The Swaziland Government is to throw good money after bad in order to complete King Msawti III’s vanity project - Sikhuphe international airport.
In the national budget announced yesterday (16 February 2102), E2.3 billion (US$296 million) was set aside to complete on-going capital projects, including the airport which is being built in the Swazi wilderness on the express instructions of King Mswati, sub-Saharan Africa’s last absolute monarch.
The money for capital projects is twice the E1.1 billion set aside this coming year for the whole health budget in Swaziland.
The completion of Sikhuphe airport and roads leading to it were announced as priorities for the government in the coming financial year, by Majozi Sithole, the Swazi Finance Minister.
The building of Sikhuphe has been controversial because there is no obvious need for it. Swaziland already has an underused airport at Matsapha and no needs-analysis was ever completed to demonstrate why another airport should be built.

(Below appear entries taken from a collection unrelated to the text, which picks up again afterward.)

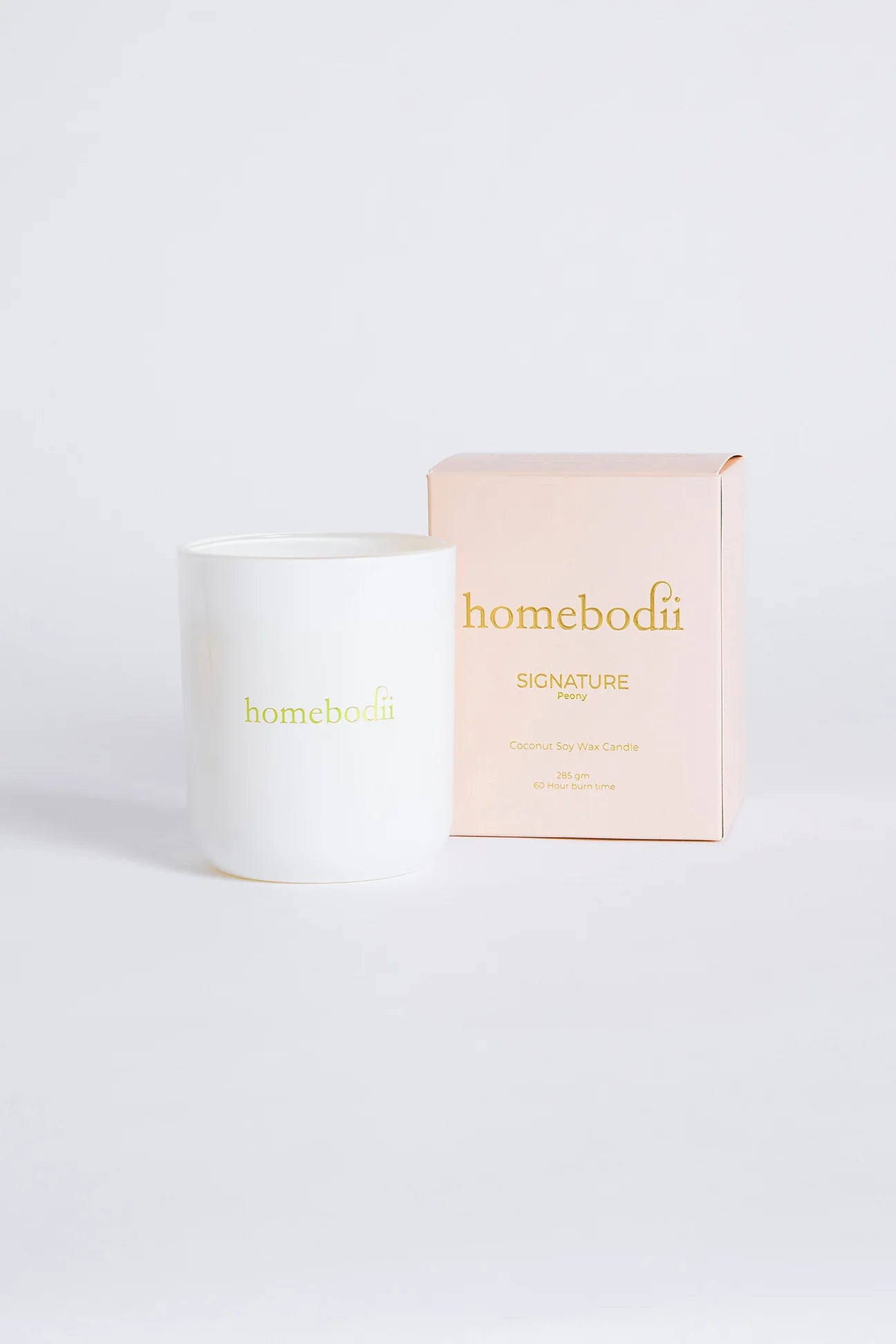 Transform any space into a cozy haven with the Homebodii Signature Candle, a fragrant journey inspired by the flower markets of Europe, boasting our cherished Peony scent. This Coconut and Soy candle, lovingly hand-poured by local artisans in Australia, embodies the essence of shared moments. From our home to yours, let its warm glow be a beacon of friendship, illuminating the bond that makes your place uniquely inviting. Light up your best-friend moments with this heartfelt creation.
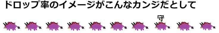 まあ、ドロップ率5%のアイテムに対してアタリを引いたのが1/80でだったってのは運が悪いんだと思います。野良で出会ったり、一緒に遊んだ皆さんは「4匹目だった」とか「10匹目だった」とか言ってて、マジかよ!!そんな簡単に出ねーよ!!とか思いながら「へー^^そうなんですかー^^」って流してました。
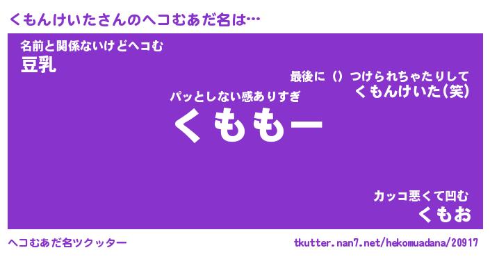 | 恥ずかしいあだ名 | 『プリティーくもんけいた』『くもっちょ』 |

Most of the impetus for the building of the airport has come from King Mswati, who is keen to show that the kingdom he rules is on its way to becoming a ‘first world’ nation.

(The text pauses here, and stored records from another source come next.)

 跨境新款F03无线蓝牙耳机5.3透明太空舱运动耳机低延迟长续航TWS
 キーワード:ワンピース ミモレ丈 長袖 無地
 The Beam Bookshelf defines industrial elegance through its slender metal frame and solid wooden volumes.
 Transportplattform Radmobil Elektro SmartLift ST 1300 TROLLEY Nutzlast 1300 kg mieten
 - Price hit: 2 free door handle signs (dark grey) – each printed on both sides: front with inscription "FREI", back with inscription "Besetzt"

Estimates for the total cost of Sikhuphe – including the airport itself, roads that need to be built to reach it, and other expenditure associated with it, have reached US$1 billion.
Swaziland is broke and the International Monetary Fund has in the past criticised the building of Sikhuphe as a waste of valuable resources that could be better used on development in the kingdom.

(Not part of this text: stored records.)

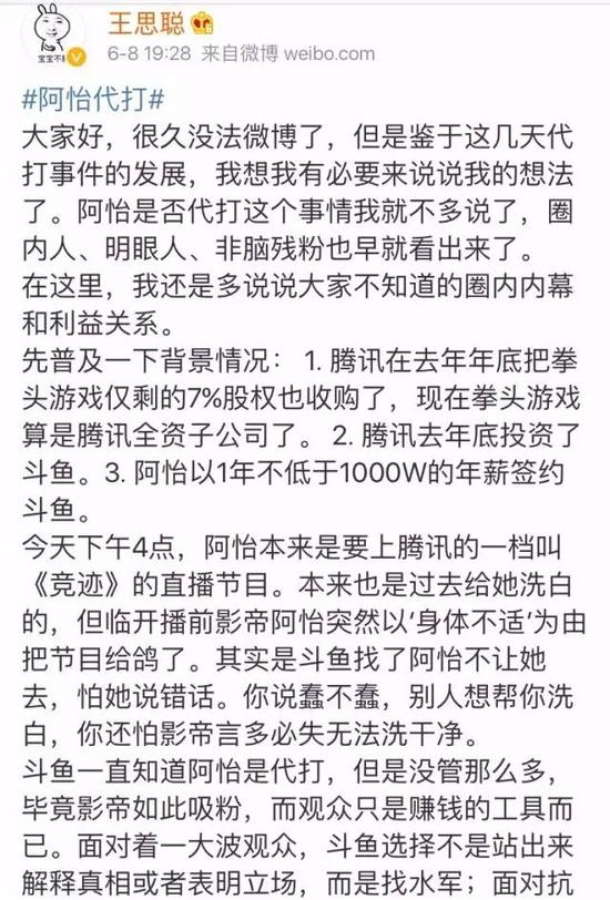 国民老公王思聪这个端午假期真的很忙!先是在距离自己发的上一条微博三个月之后,终于为了#阿怡代打#事件发了微博,并且负责任地发了一条长长长的微博,网友表示并看不懂到底说了些什么,但是由于是老公发的微博,所以不管内容是怎样,跪着都要看完点赞评论!
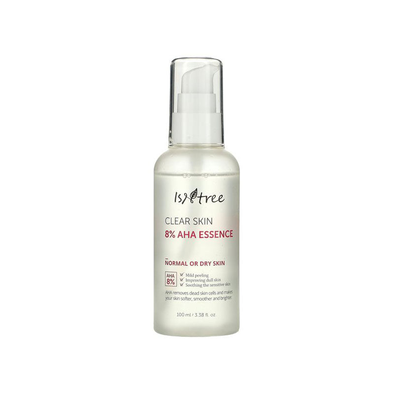 AHA Exfoliation: Isntree Clear Skin 8% AHA Essence is formulated with 8% glycolic acid, a powerful alpha hydroxy acid (AHA), known for its exfoliating prowess. It gently removes dead skin cells, unclogs pores, and improves skin texture.
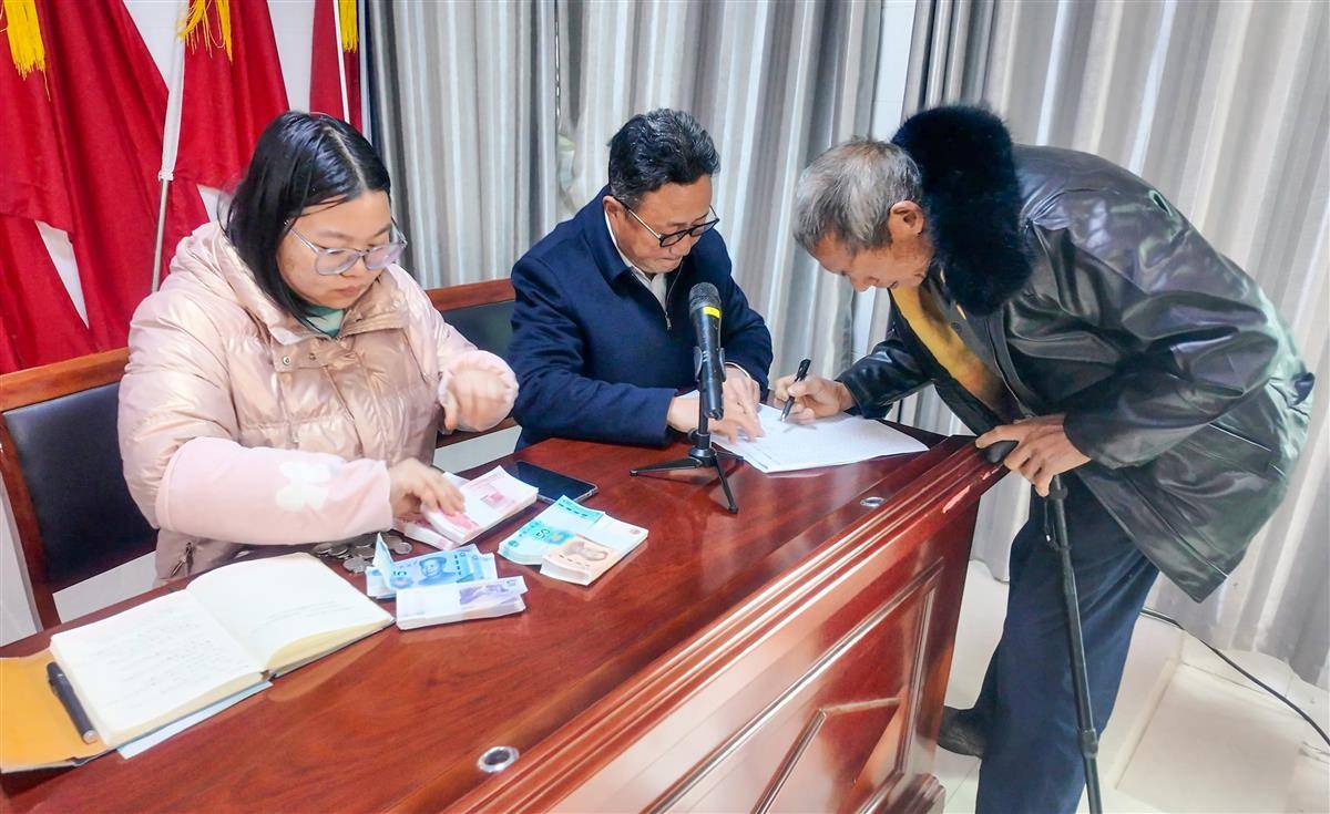 莫家湖合作社社员高兴地接过分红款。 (湖北日报全媒记者 李仁玺 摄)
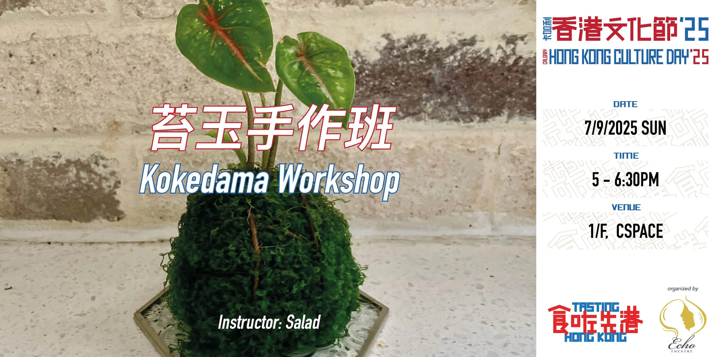 在這個工作坊裡,導師將帶領大家學習 苔玉(Kokedama) 的技巧,親手製作一個綠植藝術作品。苔玉是源自日本的植物手作,能將大自然的清新氣息帶進家中,既是裝飾,也是療癒心靈的藝術。
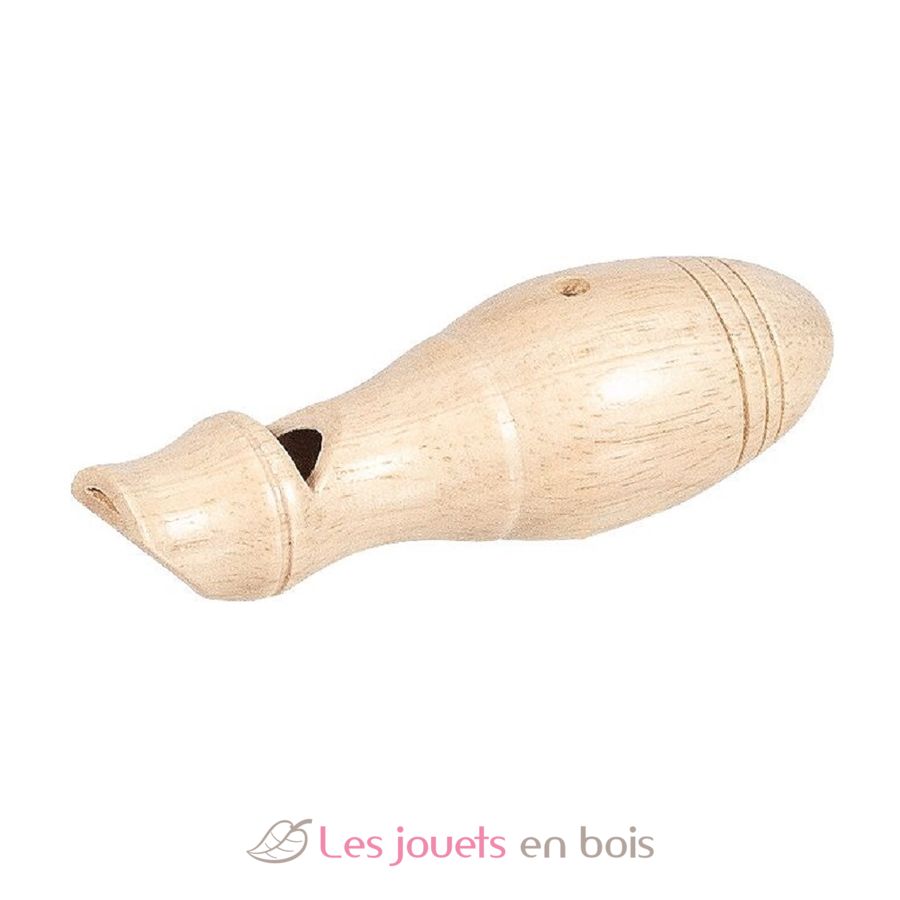 Questo strumento in legno è facile da usare. Basta soffiarci dentro come in un fischietto, quindi coprire e scoprire il foro con il dito per produrre due suoni distinti.
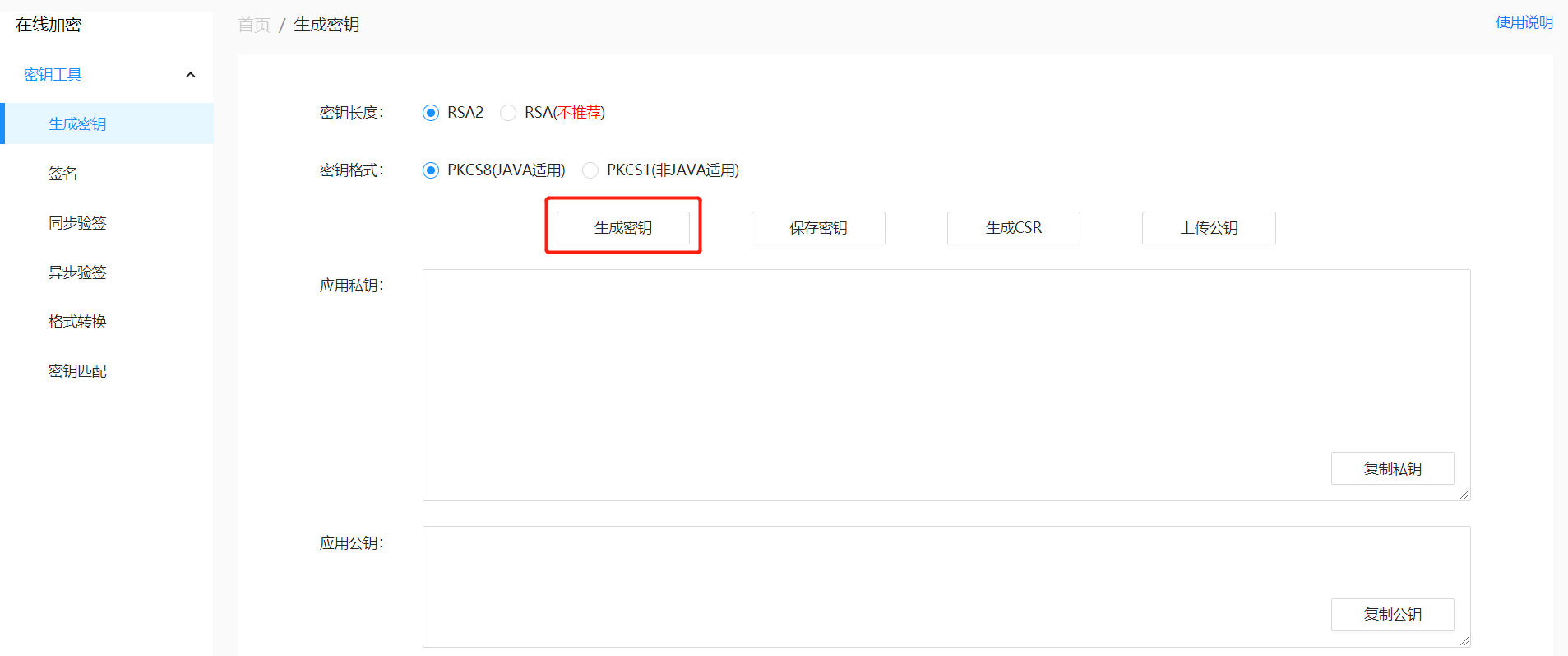 公私鑰在線(xiàn)生成工具地址:https://miniu.alipay.com/keytool/create

Seven in ten people in Swaziland live in abject poverty, earning less than US$2 per day and the kingdom has the highest AIDS rate in the world. In yesterday’s budget Sithole also announced he would be asking permission to seek a E264 million (US$37.8 million) loan for a food security project to grow more maize. In a typical year as many as one third of the Swazi population receive international food aid.
The airport was supposed to have been completed and opened in 2009, but it is far from ready. So far, no airline has confirmed it will use the airport when it eventually opens.